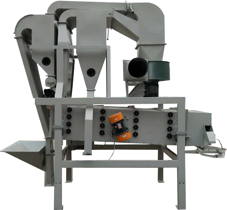 該機集去石、風選、篩選、分級于一體,主要適用于葵花子、西瓜子、南瓜子等各類物料的去石、清選、分級處理,該機采用氣流提升,極大的降低了瓜子的破碎率,同時可將物料中的石頭、土塊等重雜質去除;該機的風選功能主要 靠立式空氣篩來完成,可去除物料中的輕雜質并集中排放;較好的物料進入振動篩,振動篩可根據需求設定為:兩層、三層或四層篩結構,可同時去除大雜、小雜,并將物料分為大粒、小粒等品種并從不同的出口排出;根據不同物料的外型尺寸大小,通過更換不同篩片,可對多種物料進行清選分級處理。
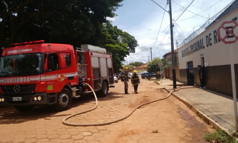Corpo de Bombeiros Militar em Ceres combate incêndio durante rebelião na unidade prisional de Rubiataba
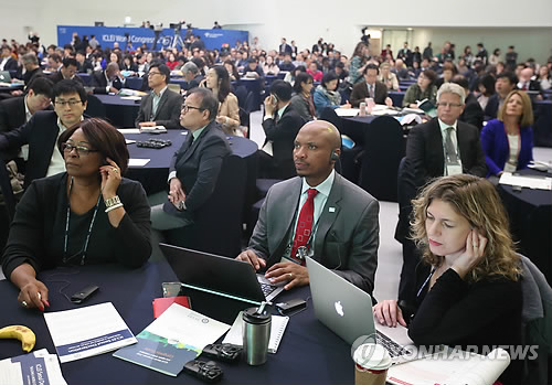 | △ 경청 (서울=연합뉴스) 한종찬 기자 = 9일 오후 동대문디자인플라자(DDP)에서 열린 이클레이(ICLEI) 세계도시 기후환경 개막총회에서 참가자들이 박원순 서울시장의 인사말을 듣고 있다. |
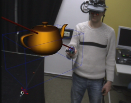 Mixed Reality, is a symbiosis of spaces which are synchronized with respect to human perception. One space corresponds to the usual environment of humans, the other is virtual and exists digital. It contains information, which is mostly visualized in form of objects for the receipients perception, conditioned by the mixed reality technology. The virtual tea pot in the image is essentially visible through the display of te receipient and is moved through space by the hand pointer here. (the MR scene was especially rendered for the observing camera) Mixed Reality, die gemischte Realität, ist eine Symbiose von Räumen, die im Sinne der menschlichen Wahrnehmung synchronisiert werden. Der eine Raum entspricht dabei der gewohnten Umgebung der Menschen, der andere ist virtuell und existiert digital. Er enthält Information, die meist in Form von Objekten visualisiert und für die Wahrnehmung des Rezipienten durch die Technologie der Mixed Reality aufbereitet wird. Die virtuelle Teekanne in der Abbildung ist tatsächlich nur durch das Display des Rezipienten zu sehen und wird hier mit dem Handpointer durch den Raum bewegt. (die MR Szene wurde speziell für die beobachtende Kamera gerendert) The definition and evolving meaning of MR formerly known as Mixed Reality [1] adressing the reality continuum and essentially focusing on enabling technology, is expanding to Mixing Realities [2] which in addition means an ongoing process of human collaboration where individuals experience and express realities, mediated by technology and their collaborators. Die Definition und die sich entwickelnde Bedeutung von MR ist seit einiger Zeit bekannt als Mixed Reality [1] (gemischte Realität) welche das Realitätskontinuum adressiert und sich auf technische Voraussetzungen konzentriert, weitet sich aus auf Mixing Realities [2] (sich mischende Realitäten) damit ist zusätzlich der fortlaufende Prozess von menschlicher Kollaboration gemeint, in dem Individuen Realitäten erfahren und ausdrücken die durch die Technologie und die Mitwirkenden vermittelt wird. |
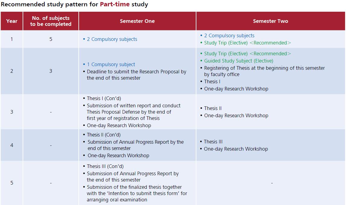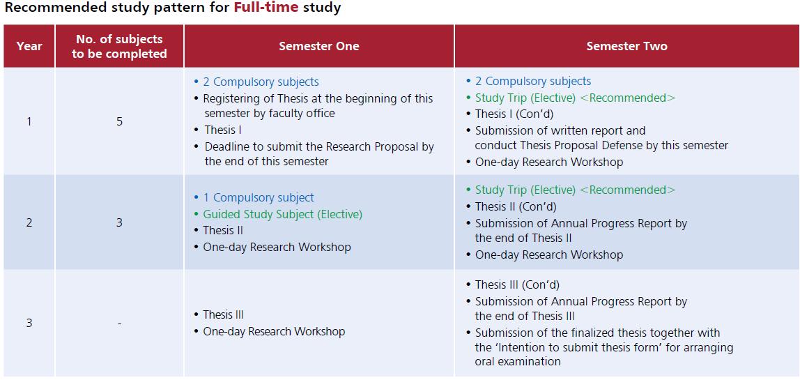 • Candidates are required to pass 5 Compulsory Subjects and 3 Elective Subjects, with a minimum Award GPA (AGPA) of 3.0, and complete a thesis.
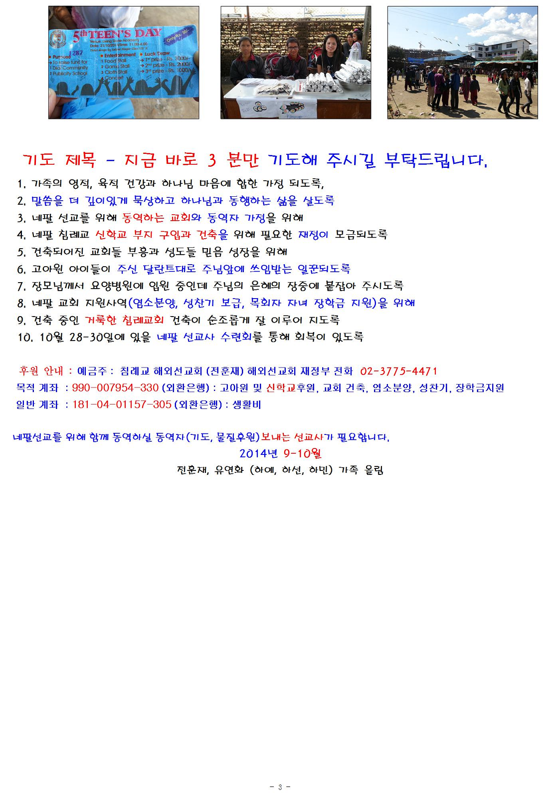여러분의 관심과 기도가 필요합니다.
.....
## ACTIVITY
Line by line and exactly, write out the material above. Skip the pictures.

## OUTPUT
 該機集去石、風選、篩選、分級于一體,主要適用于葵花子、西瓜子、南瓜子等各類物料的去石、清選、分級處理,該機采用氣流提升,極大的降低了瓜子的破碎率,同時可將物料中的石頭、土塊等重雜質去除;該機的風選功能主要 靠立式空氣篩來完成,可去除物料中的輕雜質并集中排放;較好的物料進入振動篩,振動篩可根據需求設定為:兩層、三層或四層篩結構,可同時去除大雜、小雜,并將物料分為大粒、小粒等品種并從不同的出口排出;根據不同物料的外型尺寸大小,通過更換不同篩片,可對多種物料進行清選分級處理。
Corpo de Bombeiros Militar em Ceres combate incêndio durante rebelião na unidade prisional de Rubiataba
 | △ 경청 (서울=연합뉴스) 한종찬 기자 = 9일 오후 동대문디자인플라자(DDP)에서 열린 이클레이(ICLEI) 세계도시 기후환경 개막총회에서 참가자들이 박원순 서울시장의 인사말을 듣고 있다. |
 Mixed Reality, is a symbiosis of spaces which are synchronized with respect to human perception. One space corresponds to the usual environment of humans, the other is virtual and exists digital. It contains information, which is mostly visualized in form of objects for the receipients perception, conditioned by the mixed reality technology. The virtual tea pot in the image is essentially visible through the display of te receipient and is moved through space by the hand pointer here. (the MR scene was especially rendered for the observing camera) Mixed Reality, die gemischte Realität, ist eine Symbiose von Räumen, die im Sinne der menschlichen Wahrnehmung synchronisiert werden. Der eine Raum entspricht dabei der gewohnten Umgebung der Menschen, der andere ist virtuell und existiert digital. Er enthält Information, die meist in Form von Objekten visualisiert und für die Wahrnehmung des Rezipienten durch die Technologie der Mixed Reality aufbereitet wird. Die virtuelle Teekanne in der Abbildung ist tatsächlich nur durch das Display des Rezipienten zu sehen und wird hier mit dem Handpointer durch den Raum bewegt. (die MR Szene wurde speziell für die beobachtende Kamera gerendert) The definition and evolving meaning of MR formerly known as Mixed Reality [1] adressing the reality continuum and essentially focusing on enabling technology, is expanding to Mixing Realities [2] which in addition means an ongoing process of human collaboration where individuals experience and express realities, mediated by technology and their collaborators. Die Definition und die sich entwickelnde Bedeutung von MR ist seit einiger Zeit bekannt als Mixed Reality [1] (gemischte Realität) welche das Realitätskontinuum adressiert und sich auf technische Voraussetzungen konzentriert, weitet sich aus auf Mixing Realities [2] (sich mischende Realitäten) damit ist zusätzlich der fortlaufende Prozess von menschlicher Kollaboration gemeint, in dem Individuen Realitäten erfahren und ausdrücken die durch die Technologie und die Mitwirkenden vermittelt wird. |
 • Candidates are required to pass 5 Compulsory Subjects and 3 Elective Subjects, with a minimum Award GPA (AGPA) of 3.0, and complete a thesis.
여러분의 관심과 기도가 필요합니다.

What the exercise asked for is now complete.